[Records from a collection]

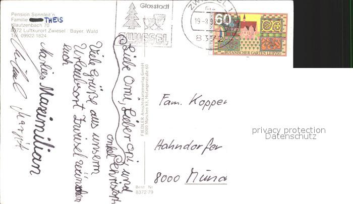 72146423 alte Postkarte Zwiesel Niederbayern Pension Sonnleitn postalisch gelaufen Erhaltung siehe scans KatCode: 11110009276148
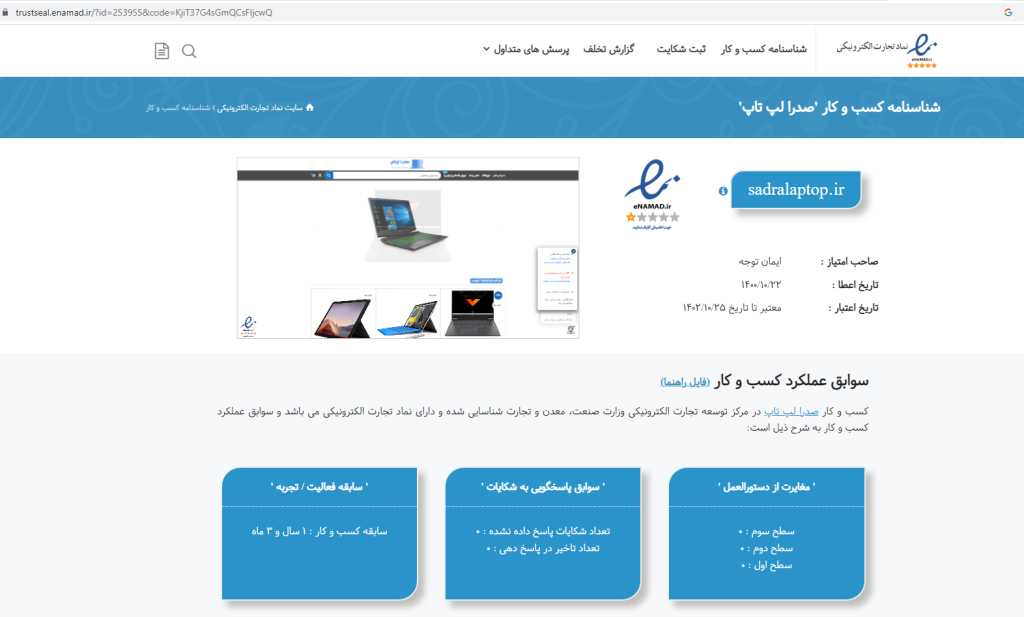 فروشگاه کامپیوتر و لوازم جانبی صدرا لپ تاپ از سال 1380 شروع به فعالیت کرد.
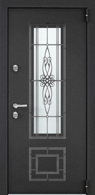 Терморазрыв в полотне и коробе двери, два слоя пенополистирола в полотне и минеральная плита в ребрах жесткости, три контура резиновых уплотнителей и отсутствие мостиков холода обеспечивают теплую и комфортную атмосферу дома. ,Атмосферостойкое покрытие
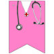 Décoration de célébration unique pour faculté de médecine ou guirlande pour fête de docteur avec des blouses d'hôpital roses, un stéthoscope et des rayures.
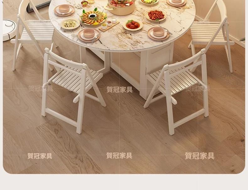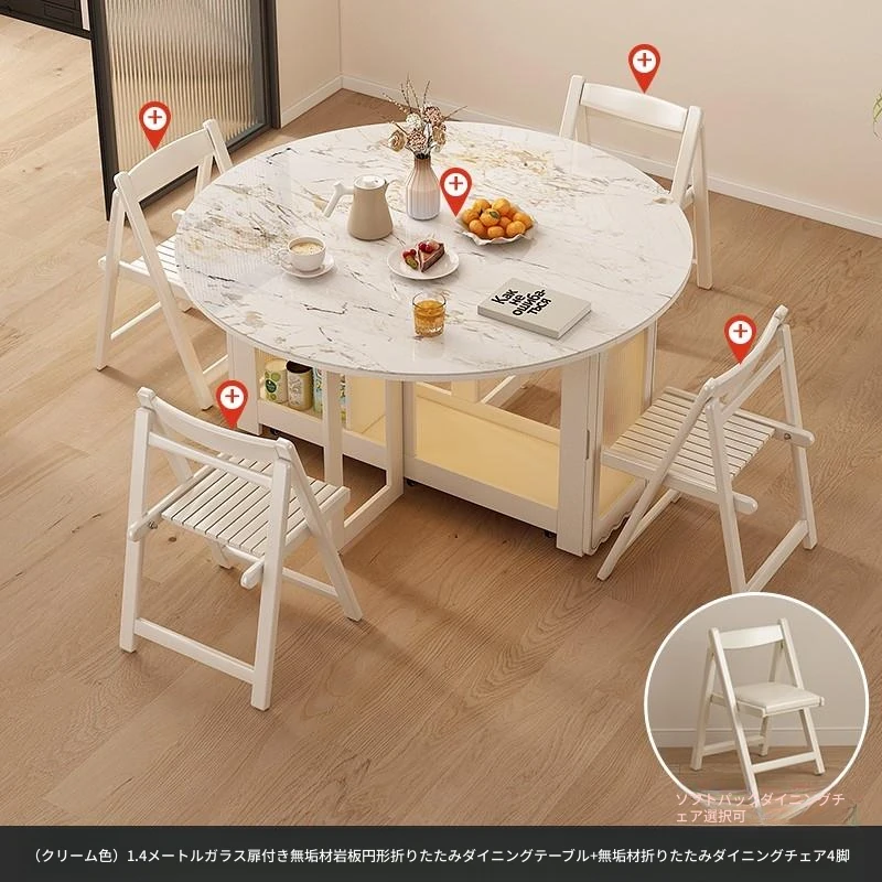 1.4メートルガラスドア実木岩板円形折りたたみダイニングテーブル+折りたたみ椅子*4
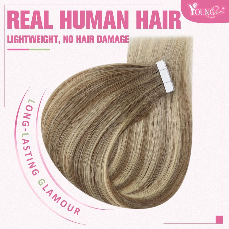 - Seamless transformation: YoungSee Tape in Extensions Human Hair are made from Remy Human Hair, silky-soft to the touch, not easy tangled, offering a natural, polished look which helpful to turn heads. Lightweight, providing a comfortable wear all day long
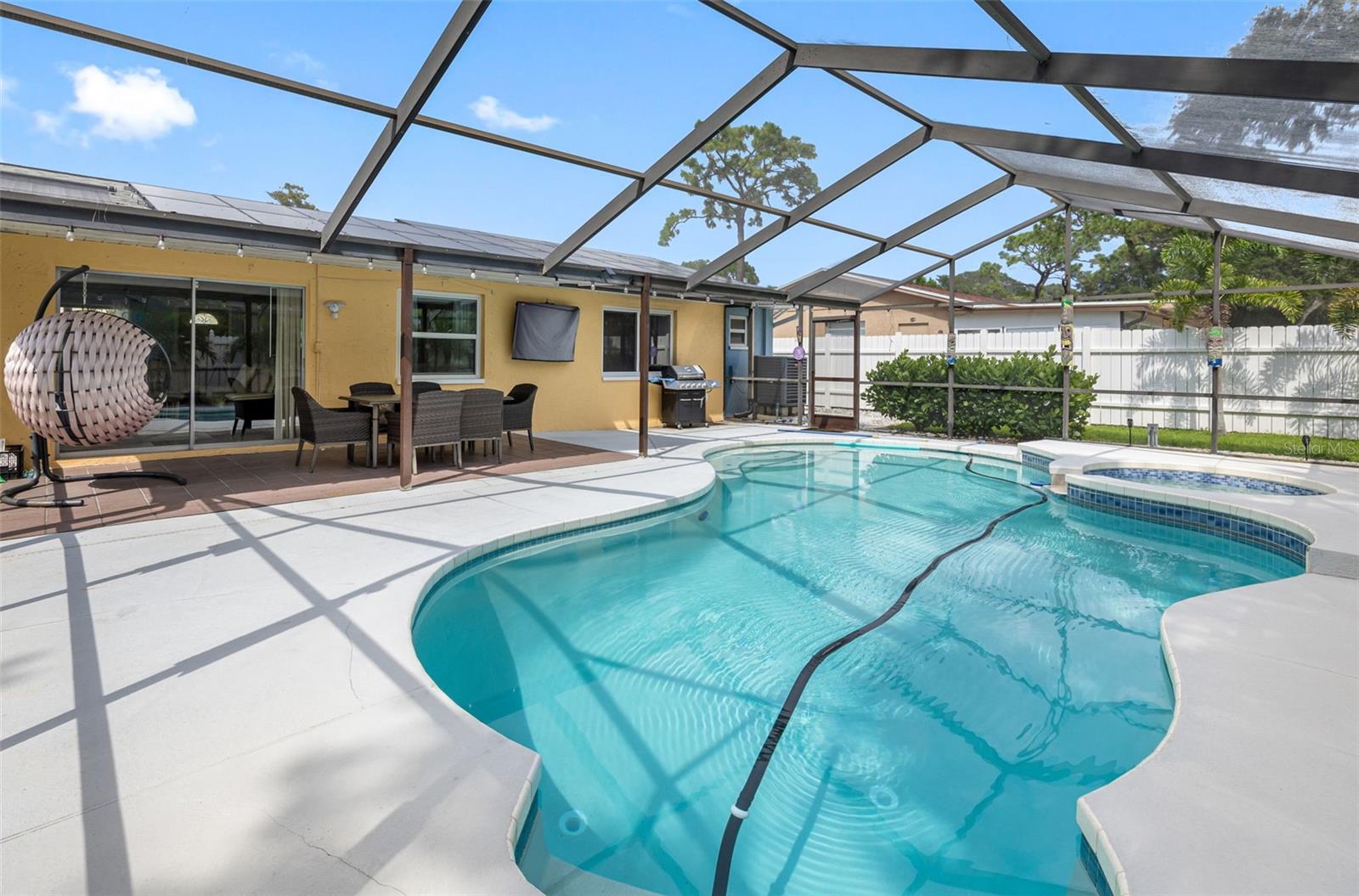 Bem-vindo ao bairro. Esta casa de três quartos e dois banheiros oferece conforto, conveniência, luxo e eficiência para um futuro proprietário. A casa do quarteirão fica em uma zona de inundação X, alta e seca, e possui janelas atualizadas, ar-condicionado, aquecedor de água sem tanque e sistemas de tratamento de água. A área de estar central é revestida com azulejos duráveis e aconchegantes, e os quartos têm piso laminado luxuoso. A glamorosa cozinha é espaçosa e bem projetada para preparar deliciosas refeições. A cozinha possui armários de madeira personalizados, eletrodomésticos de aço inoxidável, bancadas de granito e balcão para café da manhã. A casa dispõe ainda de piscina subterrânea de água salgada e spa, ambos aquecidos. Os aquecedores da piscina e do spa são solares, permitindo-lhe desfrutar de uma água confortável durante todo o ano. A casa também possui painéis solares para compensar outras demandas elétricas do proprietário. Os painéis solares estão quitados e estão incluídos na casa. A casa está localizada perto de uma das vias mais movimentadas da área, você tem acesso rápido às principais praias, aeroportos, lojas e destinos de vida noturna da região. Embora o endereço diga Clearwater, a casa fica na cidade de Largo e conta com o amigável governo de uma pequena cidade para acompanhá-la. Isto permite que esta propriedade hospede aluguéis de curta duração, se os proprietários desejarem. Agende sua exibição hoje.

### WHAT YOU SHOULD DO
Could you print all of the entries above exactly as written, minus the pictures?

### SOLUTION TO THIS PROBLEM
 72146423 alte Postkarte Zwiesel Niederbayern Pension Sonnleitn postalisch gelaufen Erhaltung siehe scans KatCode: 11110009276148
 فروشگاه کامپیوتر و لوازم جانبی صدرا لپ تاپ از سال 1380 شروع به فعالیت کرد.
 Терморазрыв в полотне и коробе двери, два слоя пенополистирола в полотне и минеральная плита в ребрах жесткости, три контура резиновых уплотнителей и отсутствие мостиков холода обеспечивают теплую и комфортную атмосферу дома. ,Атмосферостойкое покрытие
 Décoration de célébration unique pour faculté de médecine ou guirlande pour fête de docteur avec des blouses d'hôpital roses, un stéthoscope et des rayures.
 1.4メートルガラスドア実木岩板円形折りたたみダイニングテーブル+折りたたみ椅子*4
 - Seamless transformation: YoungSee Tape in Extensions Human Hair are made from Remy Human Hair, silky-soft to the touch, not easy tangled, offering a natural, polished look which helpful to turn heads. Lightweight, providing a comfortable wear all day long
 Bem-vindo ao bairro. Esta casa de três quartos e dois banheiros oferece conforto, conveniência, luxo e eficiência para um futuro proprietário. A casa do quarteirão fica em uma zona de inundação X, alta e seca, e possui janelas atualizadas, ar-condicionado, aquecedor de água sem tanque e sistemas de tratamento de água. A área de estar central é revestida com azulejos duráveis e aconchegantes, e os quartos têm piso laminado luxuoso. A glamorosa cozinha é espaçosa e bem projetada para preparar deliciosas refeições. A cozinha possui armários de madeira personalizados, eletrodomésticos de aço inoxidável, bancadas de granito e balcão para café da manhã. A casa dispõe ainda de piscina subterrânea de água salgada e spa, ambos aquecidos. Os aquecedores da piscina e do spa são solares, permitindo-lhe desfrutar de uma água confortável durante todo o ano. A casa também possui painéis solares para compensar outras demandas elétricas do proprietário. Os painéis solares estão quitados e estão incluídos na casa. A casa está localizada perto de uma das vias mais movimentadas da área, você tem acesso rápido às principais praias, aeroportos, lojas e destinos de vida noturna da região. Embora o endereço diga Clearwater, a casa fica na cidade de Largo e conta com o amigável governo de uma pequena cidade para acompanhá-la. Isto permite que esta propriedade hospede aluguéis de curta duração, se os proprietários desejarem. Agende sua exibição hoje.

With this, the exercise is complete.